> [What you will do]:
Exercise in exact copying: restate word for word only the lines below from the one containing "An exquisite necklace" through the one containing "Home Tweet Home", omitting any pictures.
::: The data
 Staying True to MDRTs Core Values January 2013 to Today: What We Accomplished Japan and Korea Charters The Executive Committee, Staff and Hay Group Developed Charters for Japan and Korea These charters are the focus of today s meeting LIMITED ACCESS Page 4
::::::
::: The data
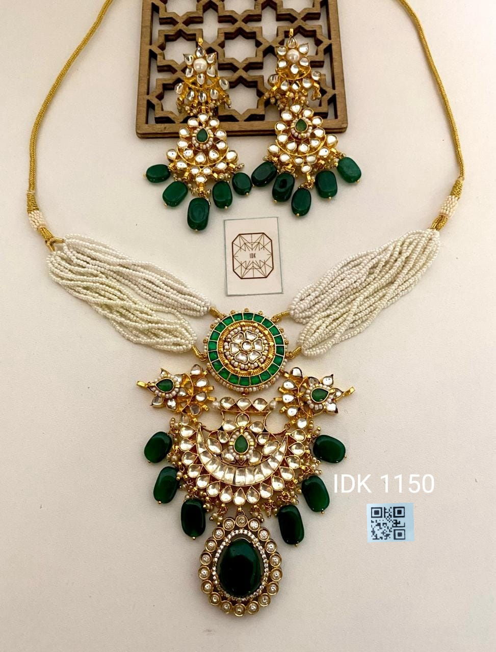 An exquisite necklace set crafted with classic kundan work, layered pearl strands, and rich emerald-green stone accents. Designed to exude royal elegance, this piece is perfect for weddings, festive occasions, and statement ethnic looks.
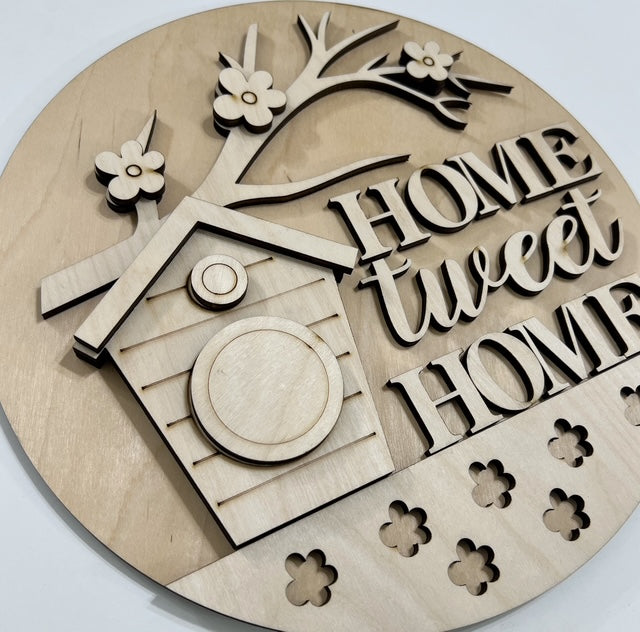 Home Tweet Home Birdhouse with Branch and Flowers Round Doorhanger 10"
::::::
::: The data
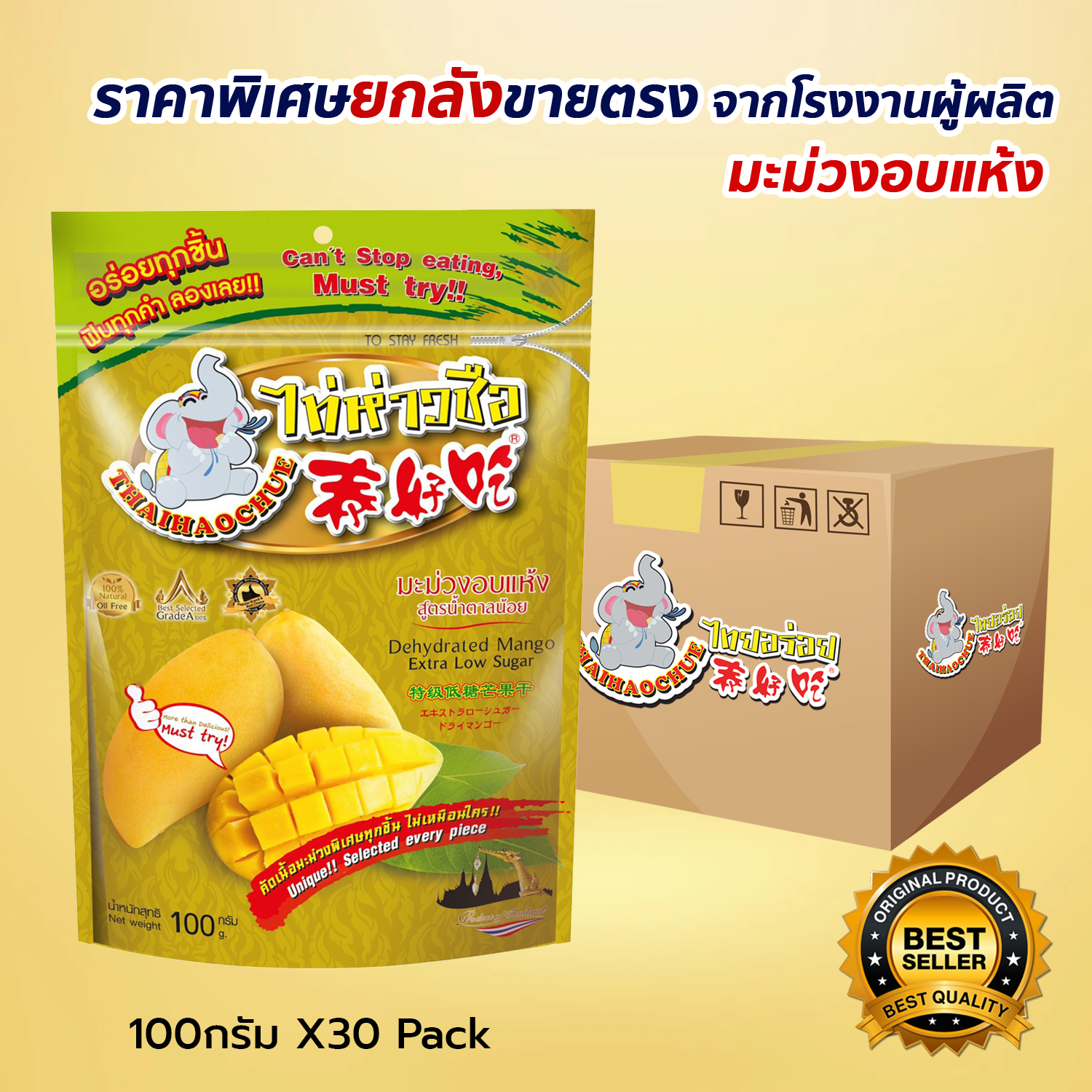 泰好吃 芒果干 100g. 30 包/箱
::::::
> [Solution]:
 An exquisite necklace set crafted with classic kundan work, layered pearl strands, and rich emerald-green stone accents. Designed to exude royal elegance, this piece is perfect for weddings, festive occasions, and statement ethnic looks.
 Home Tweet Home Birdhouse with Branch and Flowers Round Doorhanger 10"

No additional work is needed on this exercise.